FDA Panel Votes Against MDMA for PTSD Treatment Amid Data Concerns and Allegations

The potential approval of midomafetamine, a drug also known as MDMA, to treat post-traumatic stress disorder (PTSD) encountered a significant setback on Tuesday. A panel of the Food and Drug Administration's (FDA) external advisors voted against the treatment, with nine voters opposing and only two in favor.

Concerns Over Data and Effectiveness

The committee's decision was based on the question of whether there was sufficient data to demonstrate the drug's effectiveness in treating PTSD. Midomafetamine, commonly known as ecstasy in illegal street drug use, faced scrutiny regarding its therapeutic benefits.

Impact on FDA's Decision

While the FDA is not bound to adhere to the committee's votes, it typically considers the panel's feedback. In some cases, pharmaceutical companies are required to conduct additional studies before resubmitting their drugs for FDA approval. The FDA is anticipated to make a final decision on the current submission for trialing MDMA by Lykos Therapeutics on August 11.

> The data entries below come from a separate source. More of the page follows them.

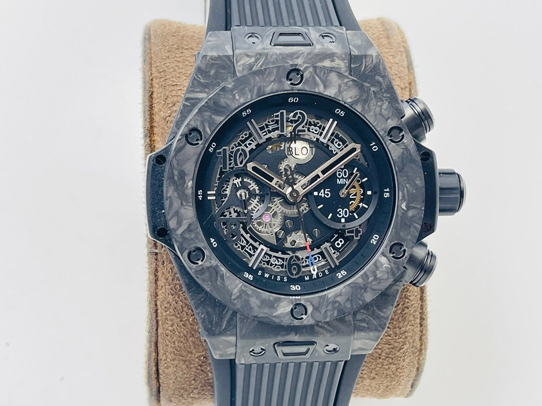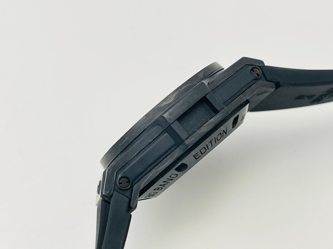 The new model follows the big bang series and is made of special carbon fiber materials. Yubo watch is equipped with 7750 modified "hub1242" automatic movement, which can be clearly seen through the watch case, and the beauty of extraordinary mechanical structure can be seen at a glance.Big bang series carbon fiber wristwatch adopts bold red, blue and black, showing an amazing strong visual impact effect. The internal precision mechanical structure is clearly presented through the watch case. The design of pointer and hour scale makes the whole surface send out a strong sense of rhythm and architecture, showing the extraordinary charm of time. The watch is equipped with a 30 minute timing dial at 3 o'clock and a second hand dial at 9 o'clock, which echoes the logo of Hublot Yubo watch at 12 o'clock.Watch with black structured rubber strap. In addition, the watch is equipped with a "one button" quick strap change system. The wearer can easily and quickly replace the strap with one click!!!p
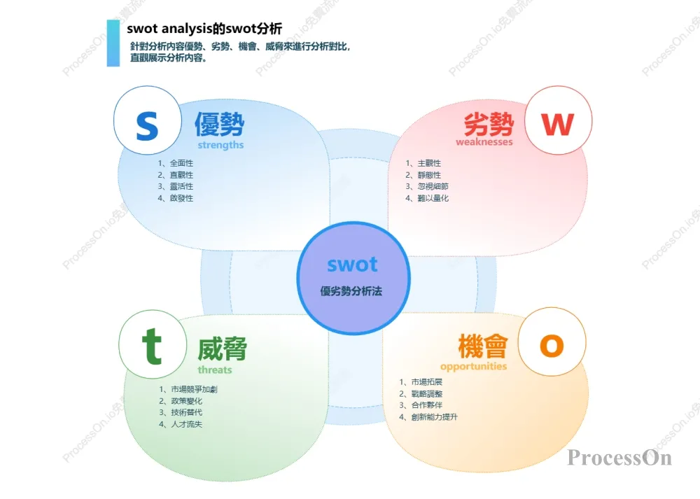 分析每個因素對企業的影響是正面(機會)還是負面(威脅)。例如:
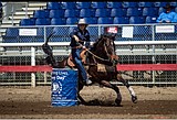 Lexxie Duggan rides across the rodeo arena in Coulee City during her barrel racing run …
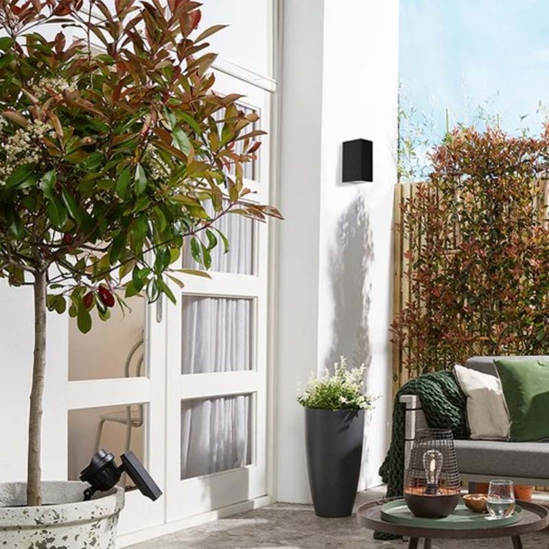 De diseño moderno, ideal para entradas de casas o terrazas. Ilumina hacia arriba y hacia abajo.
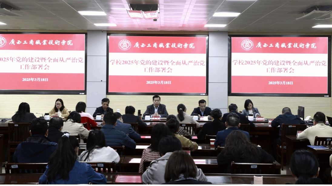 3月18日,学校在鹏飞校区召开2025年党的建设暨全面从严治党工作部署会,学习全区高校党的建设工作会议精神,部署学校2025年党的建设暨全面从严治党工作和学校2025年纪检监察工作。学校党委书记李维,学校校长刘进...

Panelists' Concerns and Criticisms

During the Psychopharmacologic Drugs Advisory Committee's meeting, several panel members raised concerns about the inadequacies in the study data provided by Lykos Therapeutics. Questions were raised about the study designs, results, and the drugmaker's failure to collect requested data. Additionally, there were apprehensions about the sustainability of PTSD treatment with midomafetamine.

Controversies and Company's Response

Claims were made about therapists potentially abusing patients during drug trials while under the influence of MDMA. Furthermore, the Institute for Clinical and Economic Review highlighted allegations that therapists might have discouraged negative patient reports, potentially biasing the results. In response, Lykos Therapeutics assured the committee that it had thoroughly investigated the accusations and had implemented measures to prevent such misconduct. The company also pledged to collaborate with the FDA to establish training and safeguards to protect vulnerable patients post-approval.

FDA's Response and Ongoing Inspections

The FDA refrained from addressing specific allegations raised by the committee, stating that inspections regarding the claims were ongoing. Dr. Teresa Farchione from the FDA informed the committee that the reports were considered unverified until the FDA conducted its own inspections, urging the committee not to factor them into their votes.